The lawsuit is one of several cases that have been filed in recent years against financial services firms over management of their company 401(k) plans.

The cases, a subset of the increasing number of 401(k) lawsuits filed against plan sponsors, often allege that the firms used in-house funds to benefit financially from their employees at the expense of 401(k) savings. Many have settled before trial, though a few have won favorable decisions at the district court level.

Plaintiffs’ allegations focused on 13 investment options — six proprietary Morgan Stanley mutual funds and seven target-date collective investment trust funds offered by BlackRock Inc. During the period targeted in the lawsuit, the funds represented roughly 40% of the assets in the Morgan Stanley 401(k) Retirement Plan, in which roughly 60,000 current and former employees have invested.

The Morgan Stanley funds, plaintiffs claimed, had excessive fees and three — a small-cap, mid-cap and global real estate fund — “performed so poorly that any reasonable fiduciary would have removed them.”

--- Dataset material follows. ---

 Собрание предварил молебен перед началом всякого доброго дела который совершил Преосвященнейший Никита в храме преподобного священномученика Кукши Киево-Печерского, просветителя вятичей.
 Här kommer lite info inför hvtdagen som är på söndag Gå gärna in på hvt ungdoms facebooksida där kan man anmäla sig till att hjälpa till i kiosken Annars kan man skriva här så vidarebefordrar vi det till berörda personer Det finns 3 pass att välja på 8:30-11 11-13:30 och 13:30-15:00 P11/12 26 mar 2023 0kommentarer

Similarly, the BlackRock TDFs had “inordinate” fees and underperformed their benchmarks, according to plaintiffs.

The judge agreed with Morgan Stanley’s position that plaintiffs lacked standing to bring claims associated with half of the investments. Plaintiffs, he said, collectively invested in only six of the challenged funds — the Global Real Estate Fund, International Equity Fund, Mid Cap Fund, Large Cap Fund, Emerging Markets Fund and BlackRock 2025 Trust.

However, the judge also dismissed the other fiduciary-breach claims relative to those six funds, casting aside arguments that fund fees were too high and that the funds underperformed relative to benchmarks and other comparable funds.

Plaintiffs argued, for example, that the Morgan Stanley Mid Cap Fund’s 0.61% fee was excessive when compared with the Vanguard Mid-Cap Fund’s 0.08% fee. However, the judge said the two “cannot be meaningfully compared” because the Morgan Stanley fund is actively managed and the other passively managed.

The fee disclosure had also notified plan participants that actively managed funds typically have higher expenses than passively managed ones, according to the judge.